Eloy Jimenez reminds Frank Thomas of Vlad Guerrero, and more rebuild thoughts from the Big Hurt

Here’s a comp that’ll get White Sox fans really excited. It’s a Hall of Famer saying that the organization’s top-ranked prospect reminds him of another Hall of Famer.

“The kid Eloy (Jimenez), I’ve really watched him a lot. He’s a tremendous (player),” Frank Thomas said. “He reminds me of a young Vlad (Guerrero) that can cover the whole zone and use the whole field. I’m interested in seeing how he progresses.”

Eloy a young Vladdy, eh?

Don’t tell actual young Vladdy that — Vladimir Guerrero Jr. is ranked one spot ahead of Jimenez on MLB Pipeline’s list of the best prospects in baseball — but that’s one heck of a comp for a player that White Sox fans are already immeasurably excited about.

Thomas was back on the South Side on Sunday to join Hawk Harrelson in the broadcast booth for the latter’s sendoff season. He spoke a lot about what Harrelson meant to him and the White Sox, but he also answered questions about the team’s ongoing rebuild. Thomas has kept a close eye both in his roles as an analyst for FOX and someone who will always be invested in this team.

“It’s Chicago, and we’re used to winning,” Thomas said when he was asked if the White Sox needed to undergo such a process. “You normally get away with this in a smaller market, but you’ve got to understand they’ve taken their time with it. They wasted a lot of money for a five-year period trying to continue to be successful the way we were in the past and it wasn’t working.

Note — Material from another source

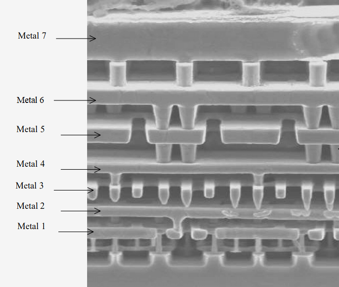 L'image du microscope ci-dessous montre le réseau formé par sept couches métalliques. Chaque couche est plate et à mesure qu'elle monte, les couches grossissent pour aider à réduire la résistance. Entre chaque couche se trouvent de petits cylindres métalliques appelés vias utilisés pour sauter d'une couche supérieure. Chaque couche alterne généralement dans le sens opposé de celle située en dessous pour aider à réduire les capacités indésirables. Les couches métalliques impaires peuvent être utilisées pour établir des connexions horizontales, tandis que les couches paires peuvent être utilisées pour établir des connexions verticales.

“The game has changed. The game has totally changed. It’s a different ballgame now. It’s all about the youth. … The hardest part they’re going to have, though, is figuring out who’s going to be here and who’s not going to be here because over the next couple years they’ve got so many young talented players in Double-A and Triple-A that someone could actually force some of these guys out. It’s going to be a hard decision what they’re going to have to do.”

That’s the good problem Rick Hahn and his front office would like to have.

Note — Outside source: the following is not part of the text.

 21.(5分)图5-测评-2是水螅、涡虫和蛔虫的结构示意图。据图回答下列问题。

While fan buy-in to the rebuilding effort has been tremendous, there are some who will continue to question the willing suffering through losing seasons at the major league level while the contending team of the future develops in the minor leagues. But if you look at the teams that have won and played in the World Series in recent seasons — and even seasons long past — the process almost seems mandatory if you want to reach that level.

“It is,” Thomas said. “I’ve watched it firsthand. I first saw it with Cleveland when I was playing. Cleveland did it. Then you saw the Royals do it. You saw Houston do it, and they’re tearing it up with that youth. There’s been some other teams that have had a lot of success with it, too. I think Billy Beane has been great with it in Oakland for many, many years. They just haven’t had the luxury of keeping it together and going for the World Series, but he continues to create young superstars and basically trading them off for whatever the organization needs.”

Thomas, the greatest hitter in White Sox history, was also asked about the greatest hitter on the White Sox right now, Jose Abreu. Abreu’s future is the topic of much conversation surrounding this team, what with his contract running out at the end of the 2019 season, just when the White Sox hope to be fielding a perennial contender.

Abreu has been remarkably consistent — and one of just three players ever to hit at least 25 homers and drive in at least 100 runs in each of his first four seasons — but Thomas thinks there’s a side of Abreu we still have yet to see.

“I just don’t think we’ve seen the best of him,” Thomas said. “That’s because it’s a youth movement and the protection’s been up and down for him in that lineup. I’ve seen him be inconsistent at times, but I think he’s a much better player than that. But I understand when you’re not winning every day and it’s not as motivating because losing’s tough on everybody. But the guy’s an incredible player, an incredible hitter.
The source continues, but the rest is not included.